As in the post before, let’s work with the nyc citi bike count data from Kaggle. It contains daily bicycle counts for major bridges in NYC.

In order to have a longer dataset, I use the bicycle count for all bridges as the dependent variable

#https://www.kaggle.com/new-york-city/nyc-east-river-bicycle-crossings
df <- read.csv("data/nyc-east-river-bicycle-counts.csv")
 
 
dflong <- data.table::melt(df[c("Date", "Brooklyn.Bridge", "Manhattan.Bridge", "Williamsburg.Bridge" ,"Queensboro.Bridge")], idvars="date")
 
dflong$date <- as.Date(dflong$Date)
dflong$weekday <- wday(dflong$date)
 
dflong <- merge(dflong, df[, c("Date", "Precipitation", "Low.Temp..Â.F.")], by="Date")
 
dflong$ScaledUsers <- scale(dflong$value)
dflong$lowTemp <- scale(dflong[,"Low.Temp..Â.F."])
 
dflong$rain <- ifelse(dflong$Precipitation != 0, 0,1)
 
### important - replace string factors with numbers for Keras to work!
dflong$Bridge <- factor(dflong$variable)
levels(dflong$Bridge) <- 1:length(levels(dflong$Bridge))

Please note the code last lines. Keras works only with double and integer variables, hence we have to replace the Bridge-factor variable with indicies between 1 and 4. The goal of our play model is to predict the number of bicycle per day on a certain bridge dependent on the weekday, the bridge (“Brooklyn.Bridge”, “Manhattan.Bridge”, “Williamsburg.Bridge” ,”Queensboro.Bridge”), if it rains and the temperature. So overall we have 2 categorical variables, one binary and one continuous variable.

One simple way to use a deep net with this dataset is to “One-hot” encode the categorical variables, combine them in one dataframe.

require(keras)
 
dfOneHot <- data.frame(to_categorical(dflong$weekday, 8), to_categorical(dflong$Bridge, 5), dflong$rain, dflong$lowTemp)
 
model_simple <- keras_model_sequential()
 
model_simple %>%
  layer_dense(input_shape=(8+5+1+1), units=32, activation = "relu") %>%
  layer_dropout(0.4) %>%
  layer_dense(units=10, activation = "relu") %>%
  layer_dropout(0.2) %>%
  layer_dense(units=1)
 
 
model_simple %>% compile(loss = "mean_squared_error", optimizer = "sgd", metric="accuracy") 
 
model_simple %>% fit(x = as.matrix(dfOneHot), y= as.matrix(dflong$ScaledUsers), epochs = 20, batch_size = 5, validation_split = 0.15)

Pretty straight-forward and the only points where people struggle is; setting the input correct (15) and to remember that we need to cast the dataframe to a matrix. So what about using embeddings instead of one-hot encodings? How can we combine two embeddings (weekday and bridge) with a binary (rain/no-rain) and continuous variable (temperature)?

First we define 3 input layers, one for every embedding and one the two variables. As both categorical variables are just a vector of lenght 1 the shape=1. For the last layer where we feed in the two other variables we need a shape of 2.

Next, we create the two embedding layer. The input dimension is the number of unique values +1, for the dimension we use last week’s rule of thumb.

Third, we concatenate the 3 layers and add the network’s structure.
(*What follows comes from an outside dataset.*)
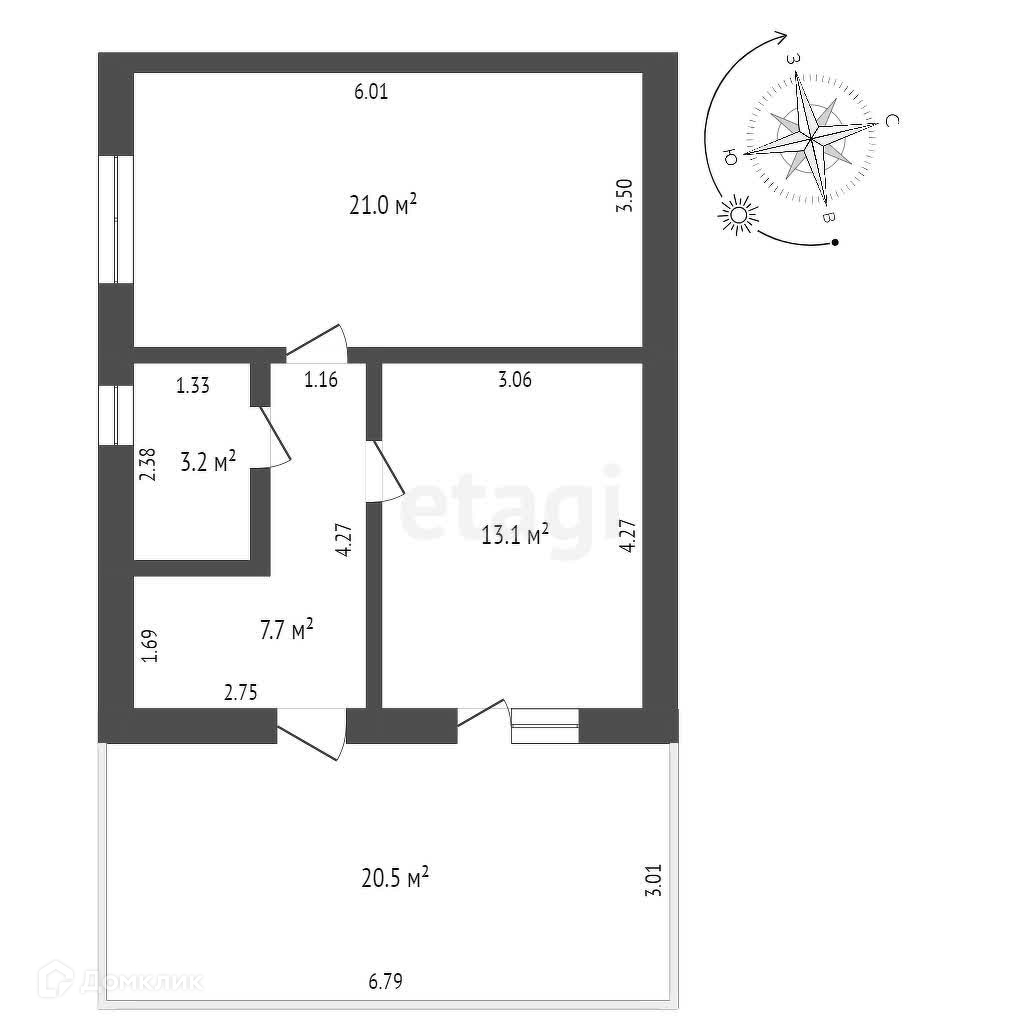 Общая площадь 70.7 м2

Finally, we use the keras_model (not keras_sequential_model) to set create the model.

embedding_size_weekday=3
embedding_size_bridge=2

## 1
inp1 <- layer_input(shape = c(1), name = 'inp_weekday')
inp2 <- layer_input(shape = c(1), name = 'inp_bridge')
inp3 <- layer_input(shape = c(2), name = 'inp_otherVars')

## 2
embedding_out1 <- inp1 %>% layer_embedding(input_dim = 7+1, output_dim = embedding_size_weekday, input_length = 1, name="embedding_weekday") %>%  layer_flatten()

embedding_out2 <- inp2 %>% layer_embedding(input_dim = 4+1, output_dim = embedding_size_bridge, input_length = 1, name="embedding_bridge") %>%  layer_flatten()

## 3
combined_model <- layer_concatenate(c(embedding_out1, embedding_out2, inp3)) %>%
  layer_dense(units=32, activation = "relu") %>%
  layer_dropout(0.3) %>%
  layer_dense(units=10, activation = "relu") %>%
  layer_dropout(0.15) %>%
  layer_dense(units=1)

## 4
model <- keras::keras_model(inputs = c(inp1, inp2, inp3), outputs = combined_model)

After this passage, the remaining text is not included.